Because Unilever has so many brands, how do you standardize packaging directives so that everyone is working toward the same goals?
We have taken control of the packaging agenda globally. So there is now one person who looks at packaging across the globe. An individual brand can design a bottle or container in whatever way is appropriate for the brand, but they cannot use any material they want. That will be prescribed centrally. As we think about things such as, “Is there a future for us in biopolymers?” that decision is not available to a local brand in Brazil or the U.S. or India or the U.K. That policy, that decision, is now made centrally, so we have a kind of global view.


What are your thoughts on biopolymers as a company?
We have to be fantastically careful about this, because you start from one harsh reality: There is only a fixed amount of land. As the old Mark Twain adage says, “Buy land. They’ve stopped making it.” Since we’ve got a fixed amount of land, what we do on that land, for us as a human race, is a serious, serious issue. First, it should be land for food. We’ve got a monster job to feed ourselves over the next 20 years. There are 7 billion of us now. There will be 8 billion of us in 20 year’s time, and there will be 9 billion of us by 2050. So first, we’ve got to feed ourselves. Then there are other competing demands for that land from the energy industry, which is keen to move into biofuels, and then from the packaging industry, which is looking to use biopolymers.


Before you take any kind of step, you’ve got to do a really thorough LCA. The first generation of biofuels did not meet any kind of sustainability thresholds. Some of the first-generation biopolymers are a bit iffy. Now, of course, it depends on what feedstock you are using, and where it’s coming from. If you take the material that’s coming out of Brazil with companies like Braskem, that is kind of getting close to being okay. If you are using the waste products from food, that’s fine.
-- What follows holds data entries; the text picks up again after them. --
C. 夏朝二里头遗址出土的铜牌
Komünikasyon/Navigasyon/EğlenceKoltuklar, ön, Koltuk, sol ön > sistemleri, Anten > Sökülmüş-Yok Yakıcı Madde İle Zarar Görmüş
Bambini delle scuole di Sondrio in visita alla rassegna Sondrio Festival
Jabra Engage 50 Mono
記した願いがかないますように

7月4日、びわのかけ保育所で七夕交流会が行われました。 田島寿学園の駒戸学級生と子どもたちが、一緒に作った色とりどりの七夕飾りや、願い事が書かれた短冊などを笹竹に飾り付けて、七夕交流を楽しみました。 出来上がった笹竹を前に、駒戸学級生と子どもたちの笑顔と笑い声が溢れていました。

But if you are using feedstock that would’ve otherwise gone to feed somebody, then we think that’s wrong and shouldn’t happen.


One of Unilever’s published goals is to reduce the weight of its packaging by one-third by 2020. Where are you in terms of this goal?
We are one year into the plan, and we have announced that we have reduced our packaging by 4% this year. The basic driving principle for us—and that which everyone uses—is reduce, reuse, and recycle. We are doing fine on the reduce part, we are finding great difficulty to reuse packaging, and as for recycling, we have talked about that.
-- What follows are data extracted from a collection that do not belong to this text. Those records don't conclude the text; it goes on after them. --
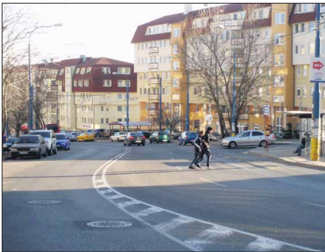
Ľudia chodia na zastávku križom cez cestu, stále hrozí nejaká kolízia.

Dopravný podnik Bratislava predal cez SMS v roku 2010 celkovo 3 441 705 kusov týchto cestovných lístkov. Lístkov kúpených cez esemesku na 24 hodín bolo v minulom roku 8277. Jeden celodenný pritom stojí 3,50 eura. Najskôr sa dal kúpiť lístok prostredníctvom esemesky len na 70 minút, neskôr, od 1. októbra 2009 k nemu pridal aj 24-hodinový. (rob)
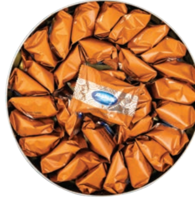
معمول جوز Walnut Ma'amoul
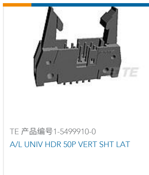
TE 产品编号1-5499910-0 A/L UNIV HDR 50P VERT SHT LAT

When we talk about reuse in the form of refillable packaging, is that harder to implement in the U.S. than in other countries?
It seems to be a tricky thing in many parts of the world actually. I don’t know what the barriers are to overcome, but there is a big prize if you can overcome them, depending upon what sort of categories you are talking about. People don’t seem to like to decant from, for example, a flexible pack into a bottle or other container. It’s curious: Consumers do it with other things, such as tea bags. They will take the bags out of a box and put them into a nice tea caddy that they display on their shelf. So, maybe that’s a way through: design and style. Perhaps if you can make it a really attractive thing for people to do, they will be more apt to use refillables.
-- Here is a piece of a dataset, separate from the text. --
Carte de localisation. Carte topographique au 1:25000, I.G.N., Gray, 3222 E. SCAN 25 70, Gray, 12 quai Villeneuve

In U.S., there is a lot of talk about extended producer responsibility. Do you think this is something that CPG companies need to be proactive about in terms of coming up with solutions, or is this something that ultimately will be regulated?
I think those two things are absolutely linked. Unless the CPG industry is proactive about this and gets its own house in order, it would be perfectly possible for legislators at a state or federal level to say, “Look, nothing is happening here. You are talking a good game as an industry, but nothing is changing. We are going to regulate.” So this is a tricky and a difficult area. I think the industry has a huge self-interest in addressing this. And while they might find it difficult and awkward to do, worse things could happen if someone else comes and takes the solution away from them.